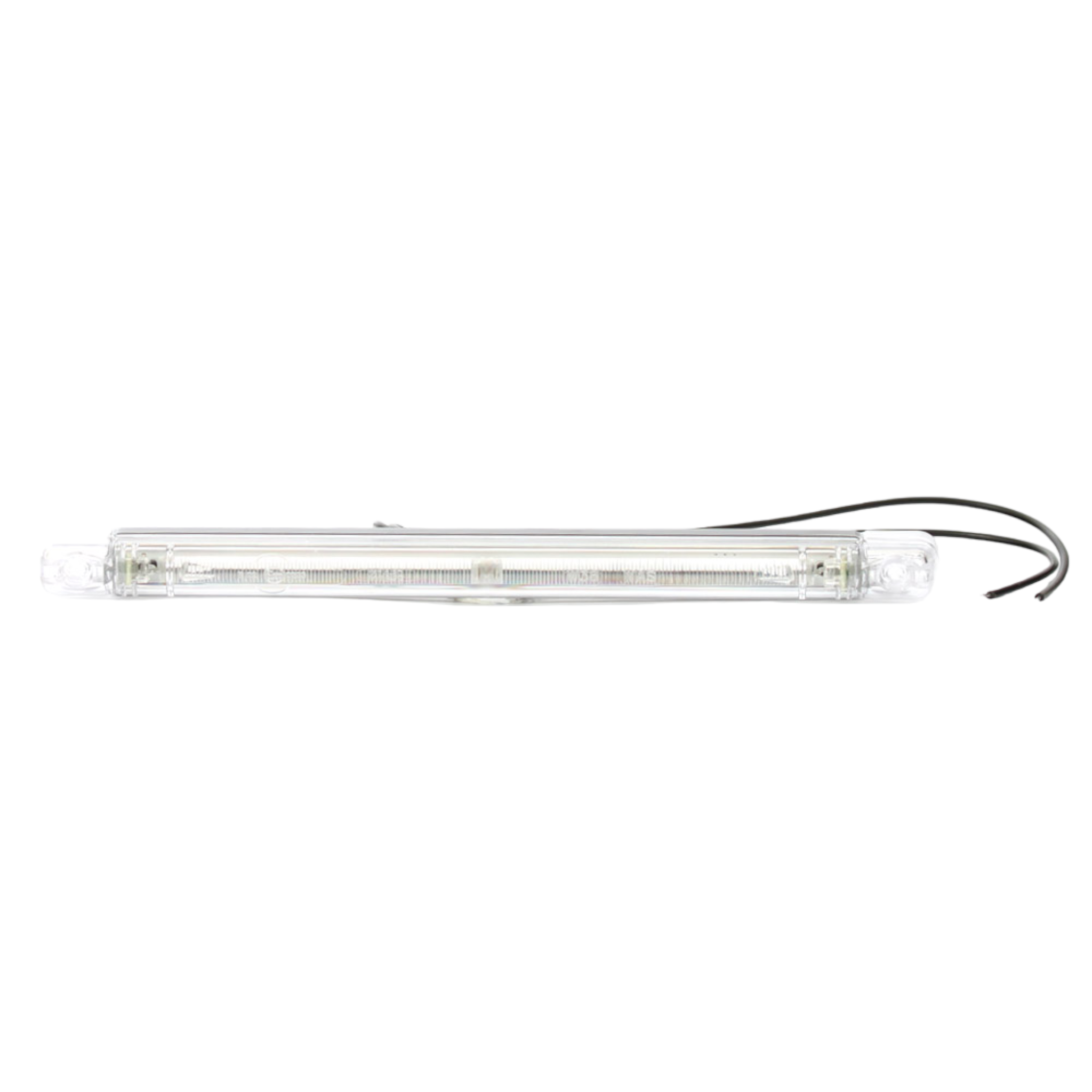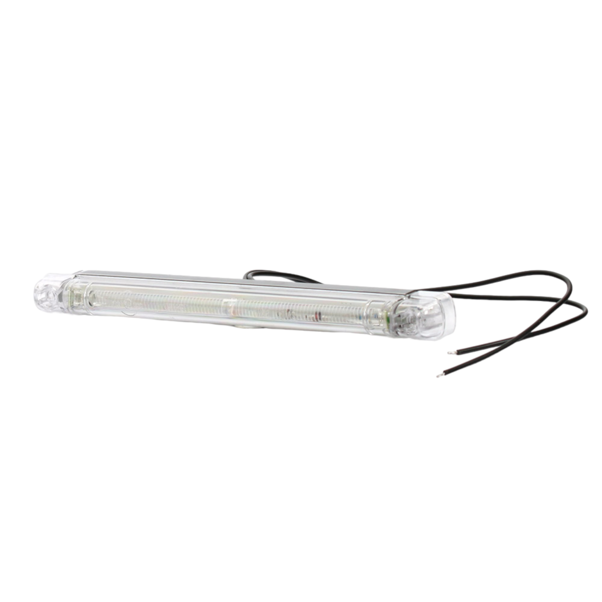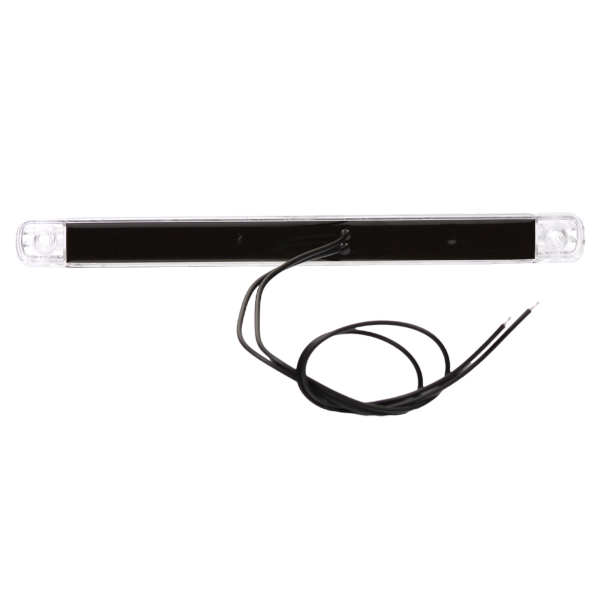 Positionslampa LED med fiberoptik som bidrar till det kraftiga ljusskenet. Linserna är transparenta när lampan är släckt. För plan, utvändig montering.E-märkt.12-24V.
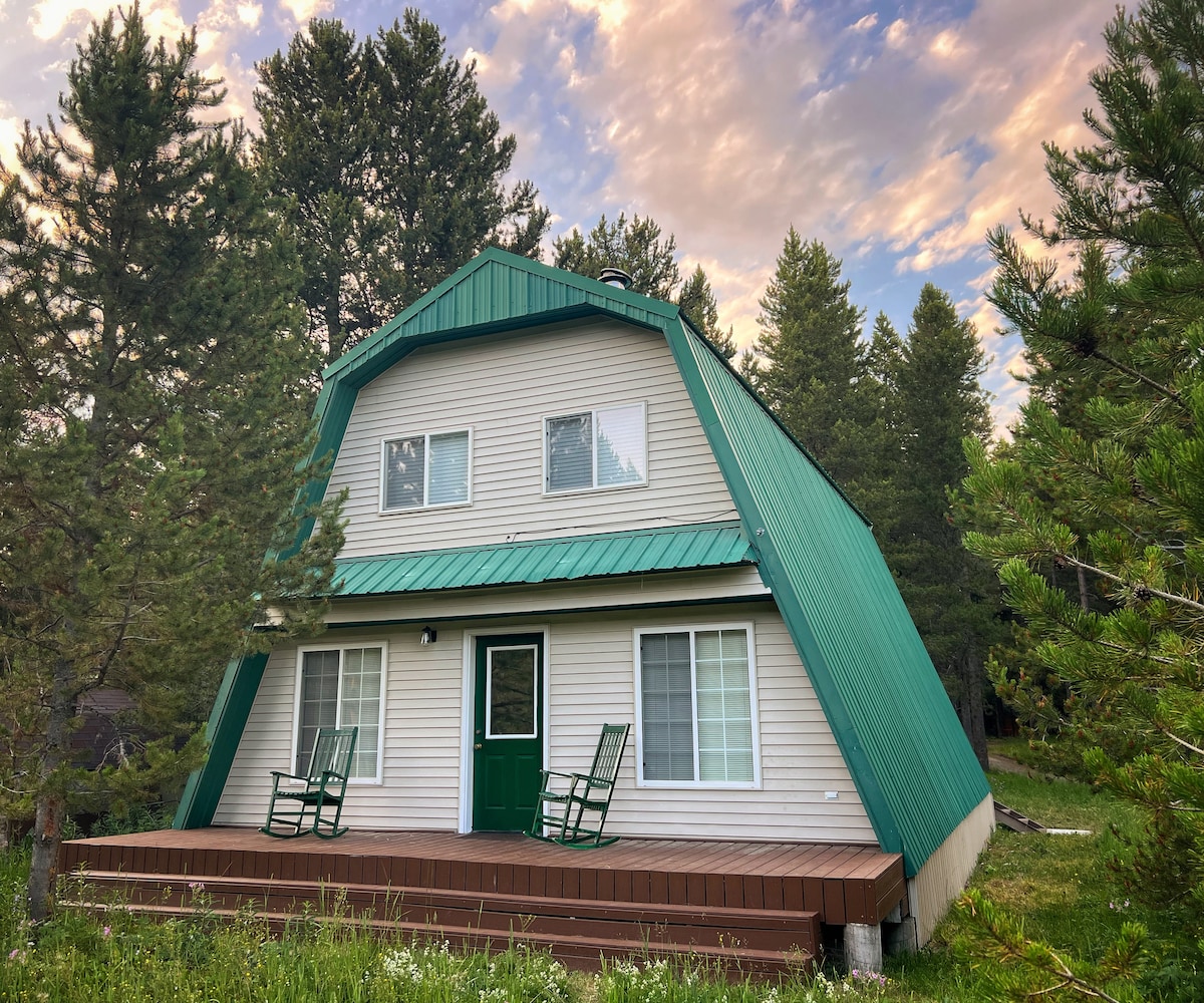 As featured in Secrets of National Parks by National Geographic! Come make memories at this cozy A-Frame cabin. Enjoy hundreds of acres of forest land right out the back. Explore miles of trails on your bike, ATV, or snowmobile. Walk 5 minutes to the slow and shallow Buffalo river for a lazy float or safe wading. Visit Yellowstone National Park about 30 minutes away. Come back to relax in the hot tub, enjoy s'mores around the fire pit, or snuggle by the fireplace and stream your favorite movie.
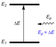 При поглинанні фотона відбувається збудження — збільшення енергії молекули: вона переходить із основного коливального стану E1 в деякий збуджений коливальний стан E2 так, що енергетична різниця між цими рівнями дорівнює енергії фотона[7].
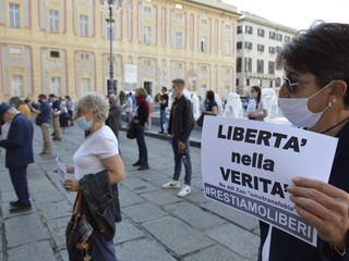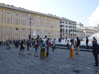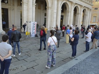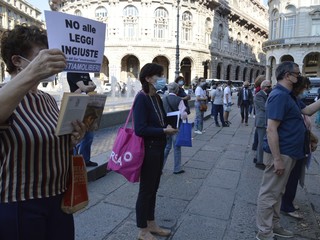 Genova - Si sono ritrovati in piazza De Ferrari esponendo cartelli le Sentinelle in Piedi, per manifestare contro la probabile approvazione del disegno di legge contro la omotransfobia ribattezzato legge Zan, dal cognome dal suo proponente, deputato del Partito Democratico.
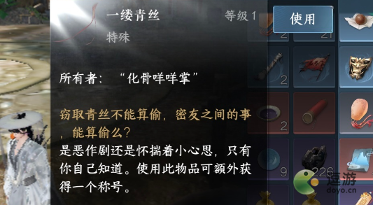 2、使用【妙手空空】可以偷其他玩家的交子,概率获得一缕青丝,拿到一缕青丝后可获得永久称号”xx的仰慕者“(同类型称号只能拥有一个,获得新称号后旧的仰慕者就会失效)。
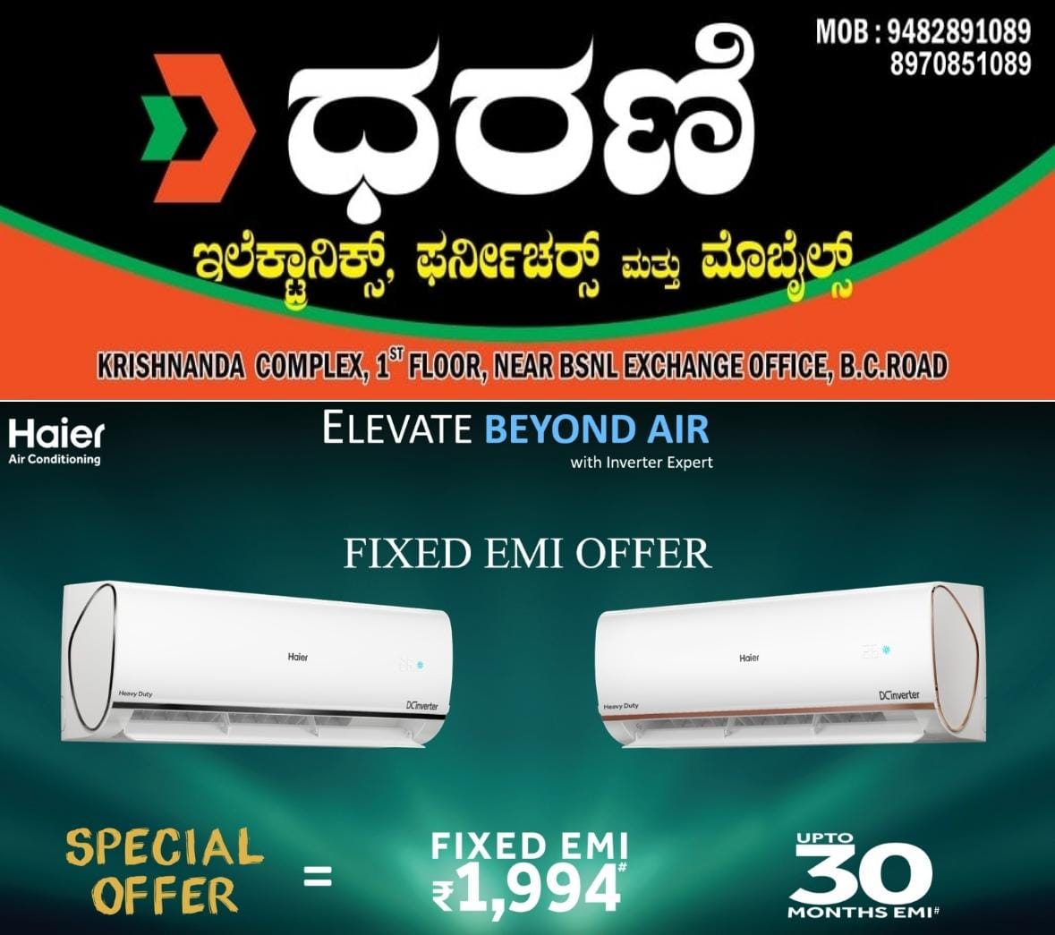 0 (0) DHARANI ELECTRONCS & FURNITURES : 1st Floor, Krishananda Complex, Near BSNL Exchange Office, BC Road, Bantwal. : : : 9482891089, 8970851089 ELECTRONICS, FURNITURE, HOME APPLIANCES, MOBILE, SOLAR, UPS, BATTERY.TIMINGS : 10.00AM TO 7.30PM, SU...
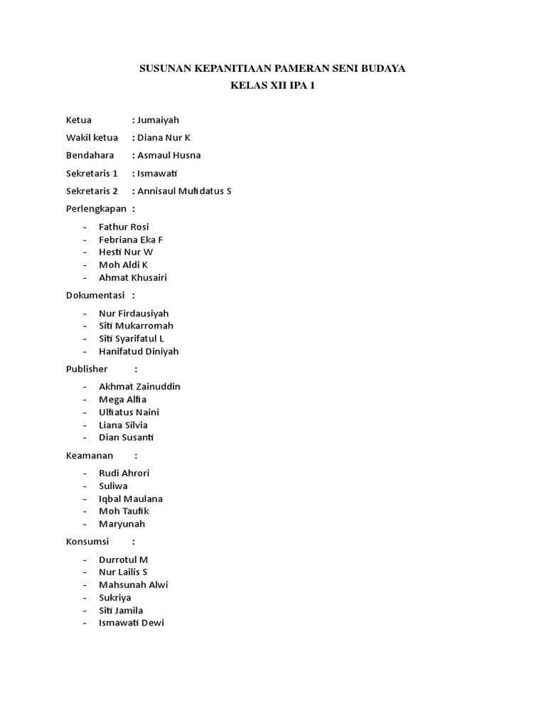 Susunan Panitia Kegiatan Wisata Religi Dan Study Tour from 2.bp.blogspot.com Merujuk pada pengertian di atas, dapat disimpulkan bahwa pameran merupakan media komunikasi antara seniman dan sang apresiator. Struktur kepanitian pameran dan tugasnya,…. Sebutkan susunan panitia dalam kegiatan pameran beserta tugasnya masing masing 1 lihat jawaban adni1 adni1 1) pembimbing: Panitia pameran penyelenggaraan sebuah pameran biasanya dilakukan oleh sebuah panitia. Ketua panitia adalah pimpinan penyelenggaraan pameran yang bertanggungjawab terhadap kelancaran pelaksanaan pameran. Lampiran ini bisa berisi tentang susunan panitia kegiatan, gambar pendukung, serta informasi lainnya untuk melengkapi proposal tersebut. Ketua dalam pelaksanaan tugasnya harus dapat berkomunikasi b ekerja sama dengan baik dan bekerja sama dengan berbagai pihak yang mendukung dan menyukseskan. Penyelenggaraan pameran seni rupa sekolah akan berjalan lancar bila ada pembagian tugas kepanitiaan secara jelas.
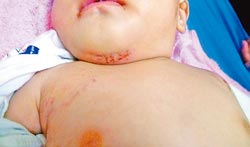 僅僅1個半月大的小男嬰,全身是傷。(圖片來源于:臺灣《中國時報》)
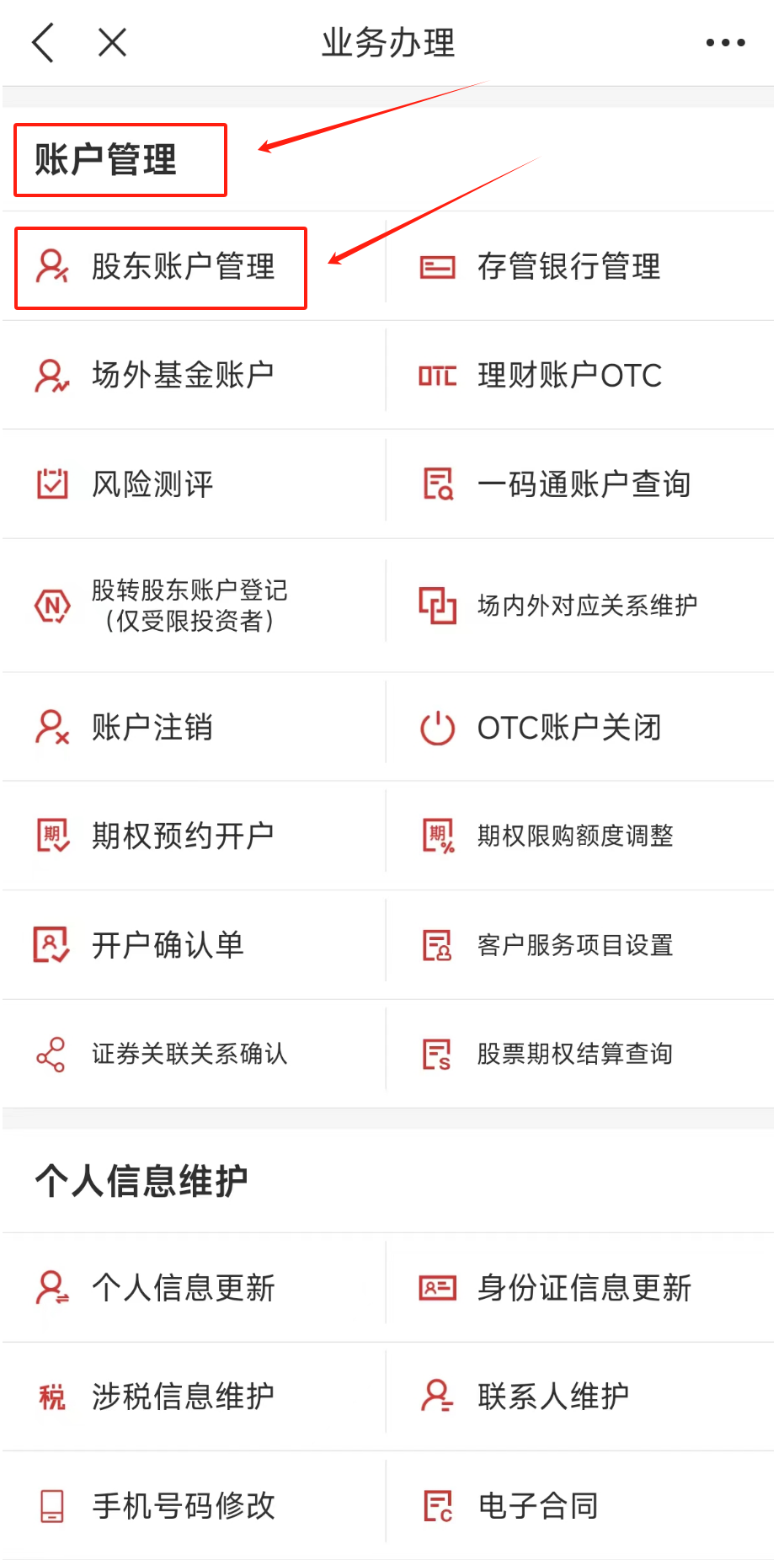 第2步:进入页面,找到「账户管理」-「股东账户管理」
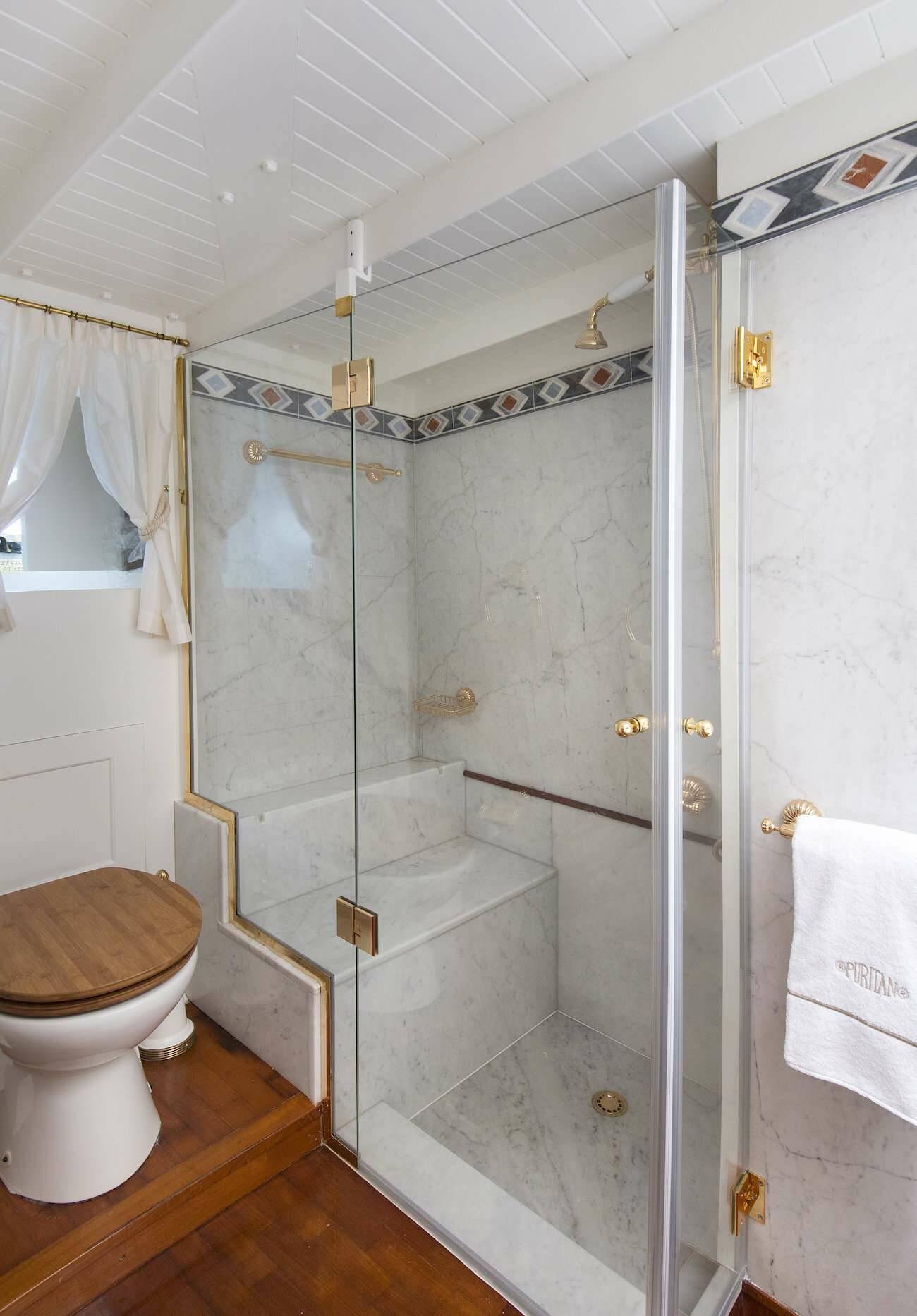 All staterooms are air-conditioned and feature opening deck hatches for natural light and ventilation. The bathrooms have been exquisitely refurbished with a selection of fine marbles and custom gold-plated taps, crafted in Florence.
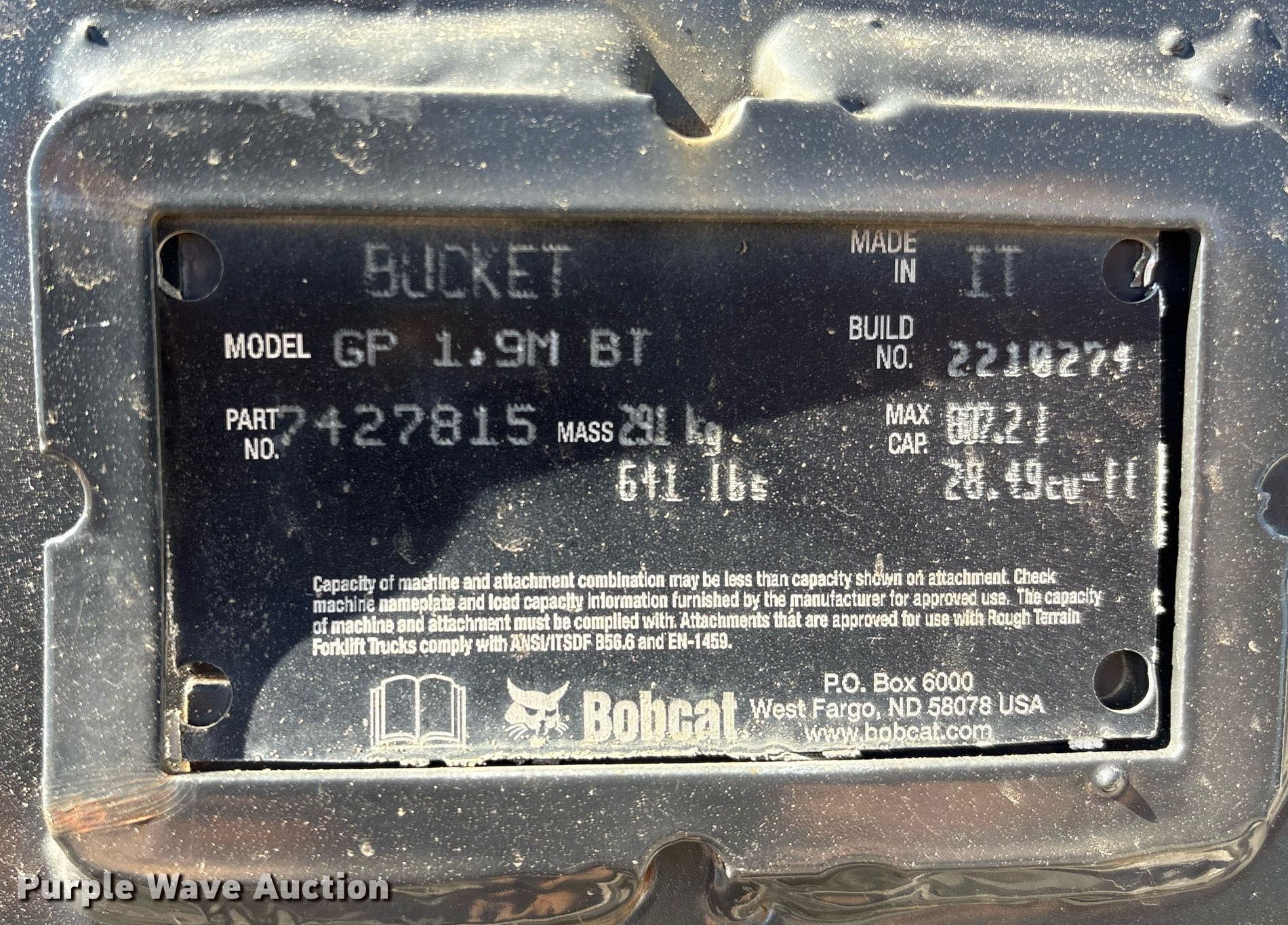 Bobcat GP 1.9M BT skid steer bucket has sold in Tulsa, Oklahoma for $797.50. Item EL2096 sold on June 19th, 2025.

===

> **ACTION ITEM**: Would you write out exactly the lines above, starting at the line containing "При поглинанні фотона" and stopping after the line containing "2、使用【妙手空空】可以偷其"? Omit the pictures.

> **SOLUTION TO THIS PROBLEM**:
 При поглинанні фотона відбувається збудження — збільшення енергії молекули: вона переходить із основного коливального стану E1 в деякий збуджений коливальний стан E2 так, що енергетична різниця між цими рівнями дорівнює енергії фотона[7].
 Genova - Si sono ritrovati in piazza De Ferrari esponendo cartelli le Sentinelle in Piedi, per manifestare contro la probabile approvazione del disegno di legge contro la omotransfobia ribattezzato legge Zan, dal cognome dal suo proponente, deputato del Partito Democratico.
 2、使用【妙手空空】可以偷其他玩家的交子,概率获得一缕青丝,拿到一缕青丝后可获得永久称号”xx的仰慕者“(同类型称号只能拥有一个,获得新称号后旧的仰慕者就会失效)。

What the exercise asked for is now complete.